On the cusp of another groundbreaking project, drafted to consult on Giles Ellis’ Blacklamp watchhotly tipped to be the talk of November’s Salon QP in Londonwe dropped Thompson a line to talk about dropping out, making his mom cry, working with NASA’s Moonglow and what he does with Red Bull F1’s skid-plates.

JamesThompson-1.jpg

First, why Sweden?

I came to Sweden in 2002. I had flunked out of my design school in Vancouver, just never really happy there. This was around the 2000 or so, so essentially everything we had to make either looked like a new VW Beetle or some kinda whimsical Alessi cheese-grater with googley-eyes on it. It was all just styling, without any real substance. It didn’t really even seem to matter what you did, as long as you could do a nice sexy sketch of it. It was all just so much fluff. Design masturbation, if you will pardon the expression. At the same time we had an exchange student from Sweden with us who was telling me about a different method they use to teach design there. There were no grades, it was just pass or fail. This was revolutionary for me, as it really sounded like a way to go nuts and push the edges. So, as I was just hating life at the school in Vancouver, I started thinking maybe I’d just give Sweden a go. My father was born in England; I have a UK passport, so coming to and studying in the EU was much easier for me than it would have been otherwise.

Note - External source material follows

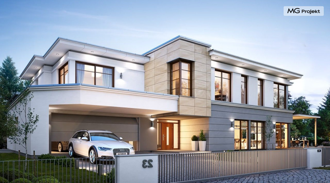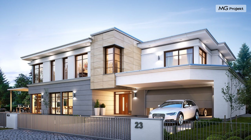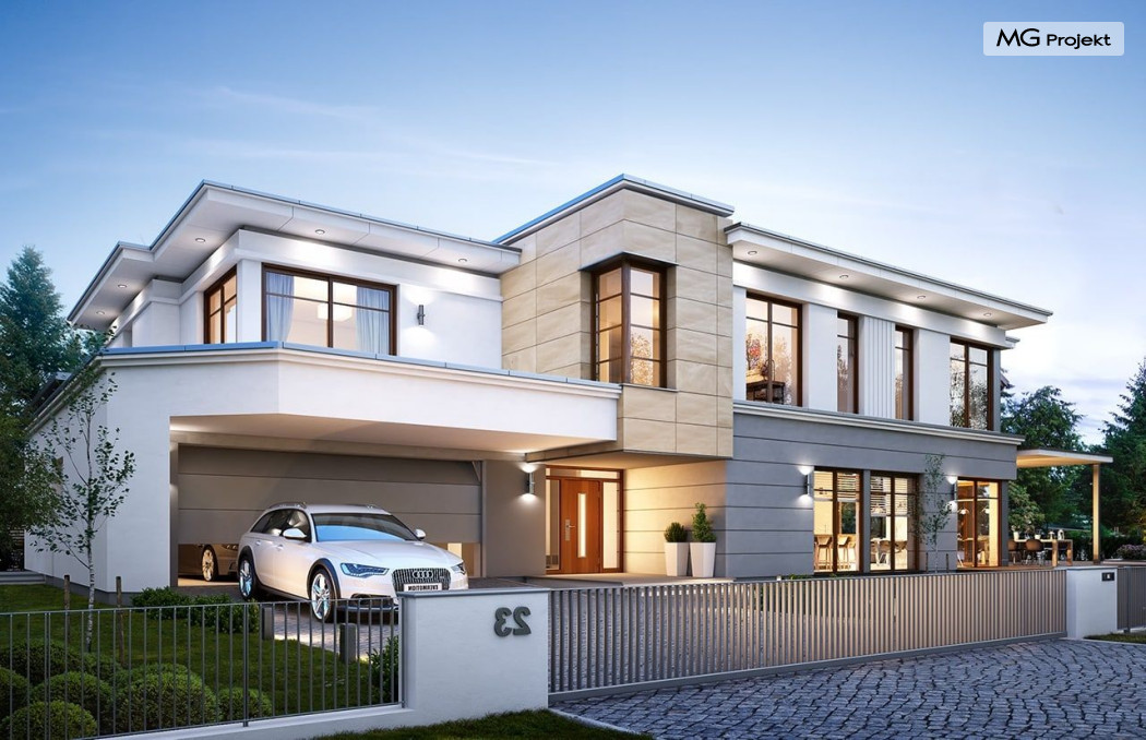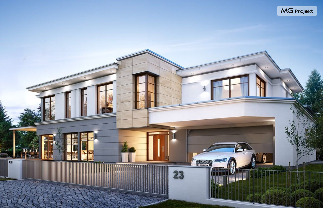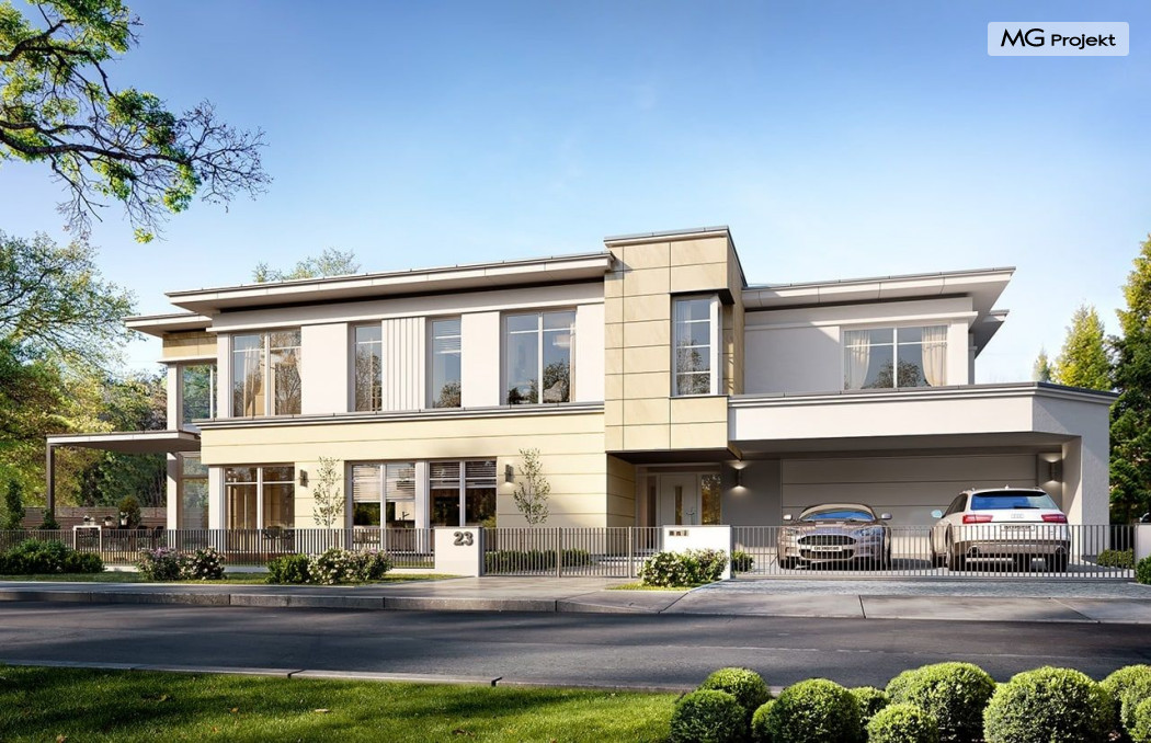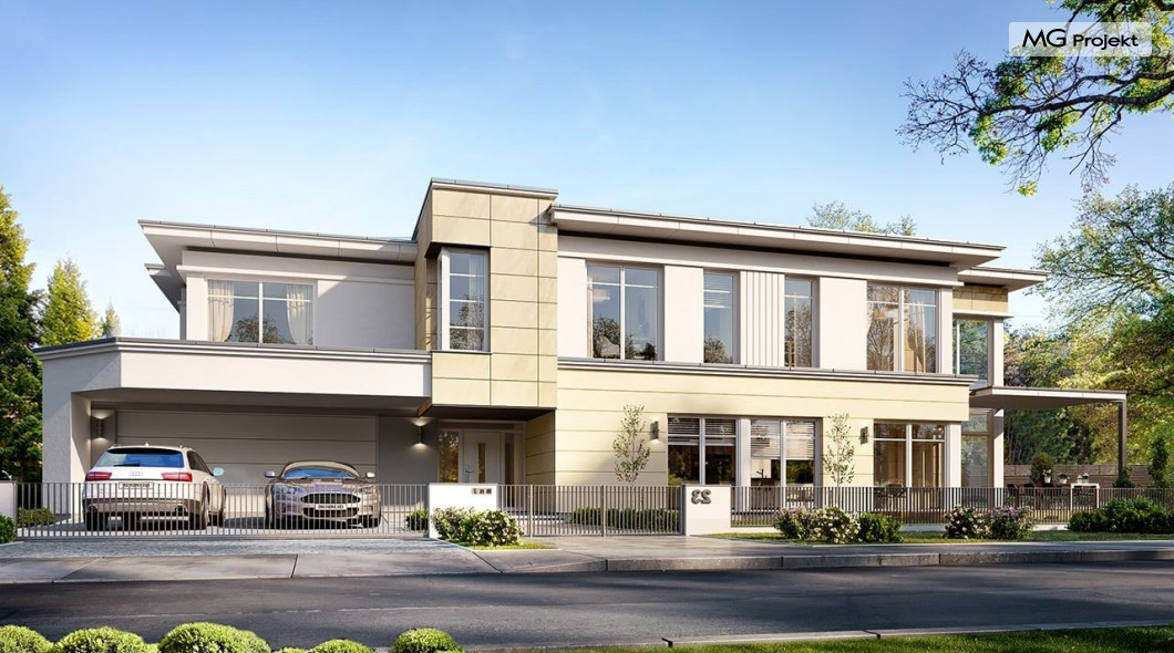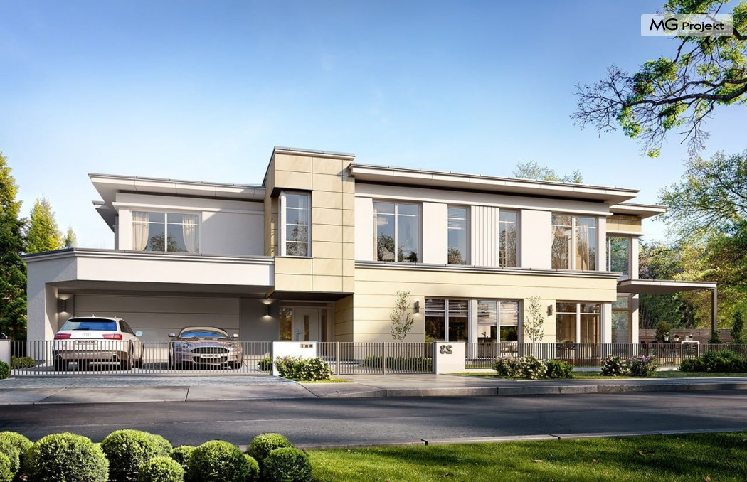 Projekt domu Willa Moderna 2 to propozycja dla Klientów, dysponujących środkami, gustem i wizją posiadania prawdziwej miejskiej willi. Projekt Willa Moderna 2 jest budynkiem dla osób planujących budowę dużego, wygodnego domu, mających już doświadczenia z mniejszymi wnętrzami i stawiających tym razem, przy kolejnej budowie na prawdziwy komfort i wygodę, gotowych zainwestować w komfortową oprawę swojego domostwa do codziennego życia. W projekcie Willa Moderna 2 zastosowano nowoczesne rozwiązania materiałowe i technologicznie, czyniące budynek energooszczędnym i łatwym w przyszłej eksploatacji. Projekt Willa Moderna 2 można zamówić również w wersji odbicia lustrzanego z garażem po lewej stronie. Zapraszamy także do zapoznania się z projektem Willa Moderna 1.

Where did you study and what?

I applied and was accepted to the masters design program at Ingvar Kamprad Designcentrum at Lund University. (Ingvar Kamprad being the IK in IKEA, by the way.)
I left everything I knew behind and moved to Europe by myself. I was essentially homeless the first few months. I moved about six or seven times the first month, as I couldn’t find student accommodation. I even lived in a place that I later found out was used to smuggle prostitutes into Sweden from Eastern Europe. My mom cried when I told her that a few years later.

JamesThompson-7.jpg

About a year and a bit into the program, the department head comes to me and asks me if I was planning on graduating there. Naturally I said I was working towards that. Well, apparently the program was in the midst of trying to figure out if it was going to be an international masters program or a normal Swedish one, and they couldn’t figure out where I would fit in. So rather unceremoniously I was dumped out of the masters design program mid-semester. Not to be morose or overly dramatic, but I don’t think I’ll forgive them for that.

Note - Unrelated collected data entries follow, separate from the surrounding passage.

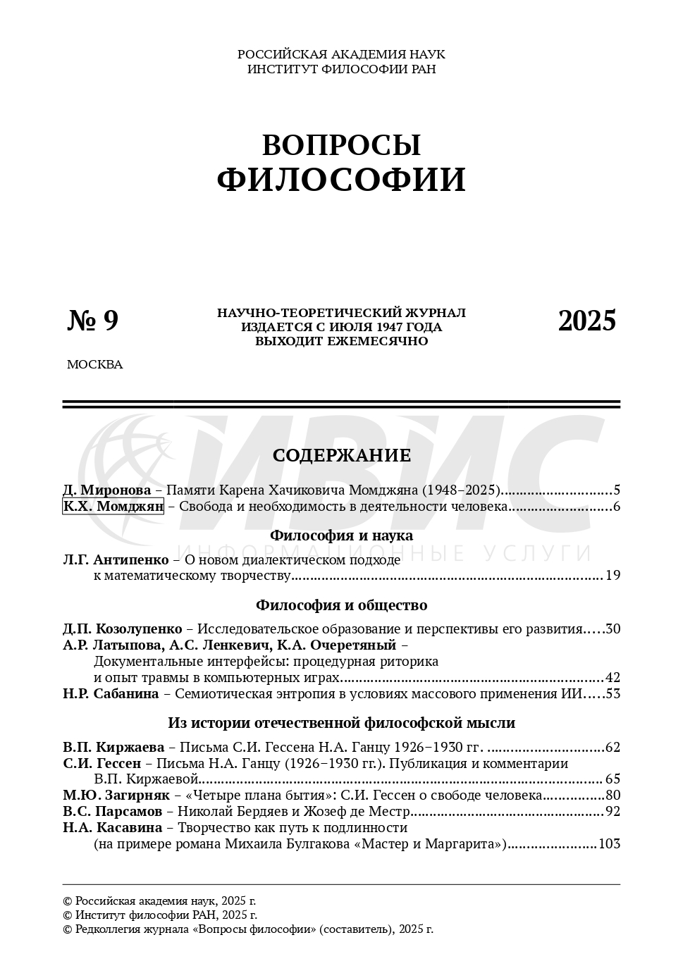 Вопросы философии 2025 № 9 | Вопросы философии 2025 № 9 | 2025 | 9 |
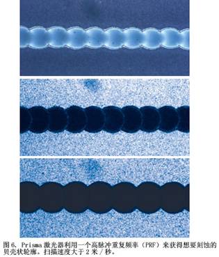 光學掃描技術的速度有限,意味著必須同時使用多個(ge) 激光束,因此平均功率要求是適中的。更關(guan) 鍵的要求是脈衝(chong) 重複頻率(PRF)。對大麵板的目標掃描速率為(wei) 2 米/秒時,PRF必須非常高(高達100 kHz甚至更高)才能獲得想要的貝殼狀輪廓(圖6),同時保持關(guan) 鍵特征,如較短的脈衝(chong) 寬度和優(you) 異的脈衝(chong) 之間的重複性。
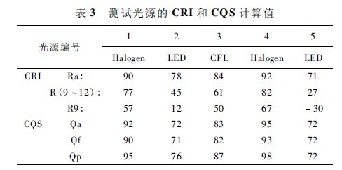 3. 3 視覺實(shí)驗(yàn)與CRI、CQS 計(jì)算值的比較

This is the period when I started Black Badger Advanced Composites. I was bored, angry, and lacking purpose.I had always been into new materials, something I attribute that to my younger days when I was a fanatic cyclist. Everything was titanium and carbon fiber, and just oozed coolness in my view. While studying in Vancouver I was always playing in the machine shops, making little titanium rings on a lathe for friends and family. I had tried making a few carbon fiber projects, but of course I just totally screwed them up. My dad still reminds me about the page from the Vancouver Sun newspaper from 1998 that is permanently epoxied to his garage floor.

JamesThompson-8.jpg

Was it logical to move into what you work with now, or has working with composites been an interest that has blossomed over time?

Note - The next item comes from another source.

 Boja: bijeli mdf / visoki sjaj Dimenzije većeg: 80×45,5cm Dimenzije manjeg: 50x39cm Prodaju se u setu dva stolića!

I think it really was a logical progression. I’ve always been attracted to materials that are uncommon or emerging. Carbon fiber just has such cache to it, just such an aura of stealth bomber, Area 51, ninja-cool about it. My work with it has always been centred around bringing these materials into our everyday lives. But it’s how I work with these materials that sets Black Badger apart from other makers and designers. I never liked just sitting at a computer or sketching all day, I’ve always needed to get hands-on with the projects. With these materials its always been like that, a very “I wonder if this will work” kind of approach. That occasionally has me sprinting like hell for the fire extinguisher, but I’m OK with that.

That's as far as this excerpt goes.